Key words: small animals; casuistry; retrospective study; distal fractures
RESUMO:
O objetivo deste estudo foi avaliar, retrospectivamente, a frequência das fraturas de fêmur em cães e gatos, na rotina de um hospital escola, determinando a classificação, métodos de fixação, complicações e desfecho. No total, 61 animais, 50 (82,0%) cães e 11 (18,0%) gatos, apresentaram fraturas de fêmur submetidas a osteossíntese. Sessenta e duas fraturas de fêmur foram avaliadas neste estudo. As fraturas simples localizadas na epífise distal (n=25) foram as mais frequentes (P=0,0001). Para osteossíntese das fraturas proximais, foram utilizados pinos intramedulares em associação a cerclagem e banda de tensão.
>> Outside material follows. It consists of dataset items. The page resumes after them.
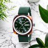 HMS DAY/DATE, TORTOISE SHELL ACETATE, BRITISH GREEN SUNRAY DIAL AND BRITISH GREEN NATO STRAP
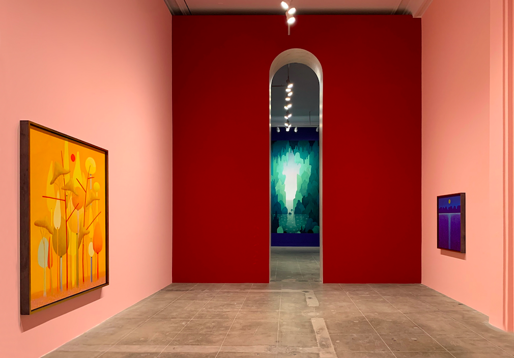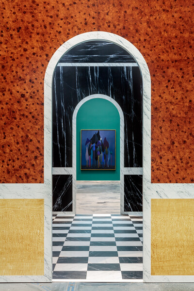 When at a Party exhibition there is always more to see than the works themselves. Party’s “architectural interventions” are part of his curatorial magic and create a comprehensive detachment from reality to surround the otherworldly content of the works. His most recent exhibition at Hauser & Wirth in Los Angeles, his first solo exhibition with the gallery and a show that launched with the second edition of Frieze LA, is a firm example of this magic. The walls of each room were completely saturated with red, blue, teal, and pink, separated by de Chirico-esque narrow rounded archways. Moving through the narrow space from one room to the other created an experience of traveling through worlds. Upon entering the gallery, the viewer is immediately confronted with options of these archways, and immediately seized by the surreal disorientation of the space, this is no white cube. In the middle of the exhibition space stands the Sottobosco Chapel, 2019, a chapel-like structure that appears to be made of marbles and exotic wood, but is in fact wood panels masterfully painted in the Trompe l’oeil technique, a technique used in the Renaissance to create realistic optical illusions of other materials, such as marble.
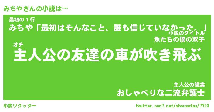 みちやさんの小説は… オチ『主人公の友達の車が吹き飛ぶ』最初の1行『みちや「最初はそんなこと、誰も信じていなかった。」』主人公の職業『おしゃべりな二流弁護士』 ツクッター #小説ツクッター http://tkutter.nan7.net/shousetsu/7703/
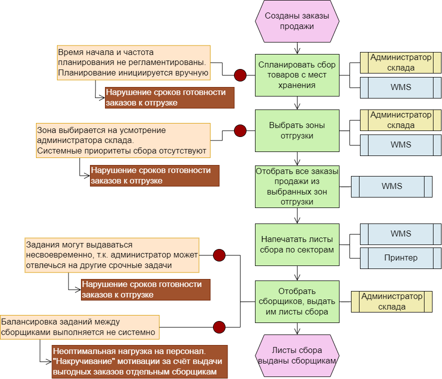 Кейсы из практики / Описание и анализ текущего состояния процесса комплектации товаров в клиентские заказы на складе розничного дистрибьюетора

Nas fraturas diafisárias, foram utilizadas placas ósseas e parafusos, dois pinos intramedulares (isolados ou com cerclagem) e fixador externo Tie-In e, nas fraturas distais, pinos intramedulares de Rush modificados, pinos cruzados e fixador externo Tie-In. Comparando-se a frequência de complicações que necessitaram reintervenção após osteossíntese, entre as localizações das fraturas, independente da técnica empregada, houve uma diferença significativa (P=0,0253) entre as diafisárias (31,25%) e distais (7,14%). Conclui-se que as fraturas epifisárias distais foram as mais frequentes na rotina de um hospital escola e, quando tratadas com pinos intramedulares de Rush modificados ou pinos cruzados, apresentaram menor frequência de complicações para a consolidação.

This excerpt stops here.